Back in the office. Still not in the room.
Most meetings aren’t collaborative.
They’re polite hostage situations.
Cameras off. Mics off. Participation on life support until your name gets called.
We call it “collaboration.” But it’s just compliance with a commute.
Hybrid work didn’t kill energy.
We did—by designing for presence, not participation.
Leadership is stuck in False Positive Culture:
✅ Everyone showed up
✅ The office was used
✅ The meeting happened
But nothing moved. No signal. No insight. No real exchange.
You don’t fix that with mandates.
You fix it by redesigning the room.
1. Rewrite the Meeting Contract
The failure mode: Live time used for information transfer instead of insight generation.
Fix it:
No decision? Async.
Status updates? Written.
Live time = input, iteration, tension.
If the meeting could be replaced by a memo, replace it.
2. Shift from Attendance to Ownership
The failure mode: Passive presence mistaken for contribution.
Fix it:
Rotate facilitators.
Define success as what got unblocked, not who spoke.

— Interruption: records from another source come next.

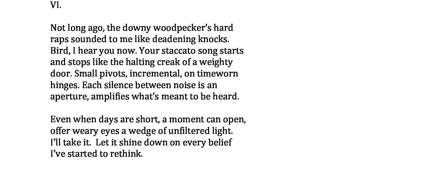 “This poem started during a February 2021 walk, while listening to Ten Percent Happier podcast host Dan Harris interview author Adam Grant about his book Think Again. Their conversation, titled “The Joy of Being Wrong”, was about the wisdom of rethinking long-held opinions, questioning assumptions, cultivating flexibility, and welcoming surprising new perspectives – even if humbling. Excellent reinforcement mid-pandemic, when so many of us were already reassessing the world and our view of it.”
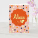 This card features a soft, wavy organic shape in warm orange-red at the center, like a gentle hug around the main word. Inside it, the text “Niece” sits prominently in creamy yellow lettering, with smooth curves that feel affectionate and close ❤️. The last letter includes a small leaf detail tucked into the stroke, adding a sweet, caring touch without crowding the word. Behind the centerpiece, a blush pink background sets a friendly, romantic tone, like a warm blush shared between loved ones. Scattered across the backdrop are round dots in mixed sizes, creating a lively pattern that still feels calm and welcoming. Larger circles appear in sunny yellow, deep teal, and muted orange, while smaller pale-yellow dots sprinkle in between like soft confetti 🌼. The “Niece” text stays centered within the orange-red shape, standing out clearly against the pink field and the layered polka dots. The background shows big yellow, teal, and muted orange circles spaced apart with tiny pale-yellow dots filling the gaps.
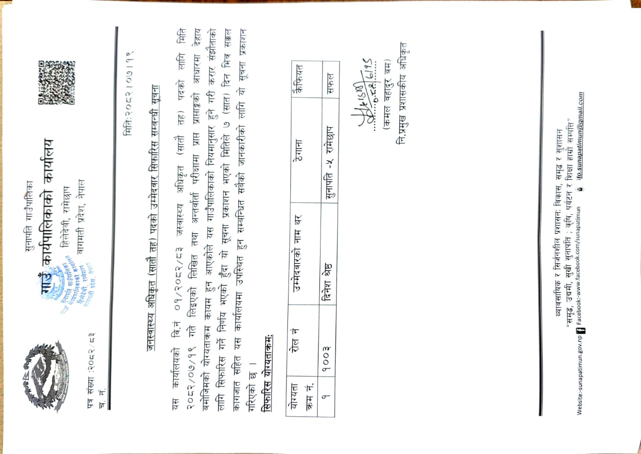 सुनापति गाउँपालिका अन्तर्गतका दीर्घ रोगीहरूको विवरण सार्वजनिक सम्बन्धी सूचना
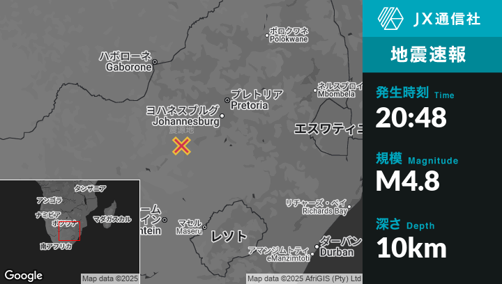 7月10日 20:48頃、南アフリカのOrkneyから北東8kmの地点でM4.8の地震がありました。

Ask: What changed because we met?
If you can’t answer that, cancel it.
3. Fix the Facilitation, Not the People
The failure mode: Blaming low energy on employees, not structure.
Fix it:
Use prompts like: “What assumption haven’t we challenged yet?”
Curate input. Don’t cold-call.
If there’s no output, kill the recurring invite.
Better tools won’t fix a broken structure. Better design will.
Challenge:
Pick one meeting this week.
Redesign it for signal, not obligation.
Then ask yourself:
If this meeting disappeared—who would notice?
Hybrid isn’t broken.
Your information architecture might be.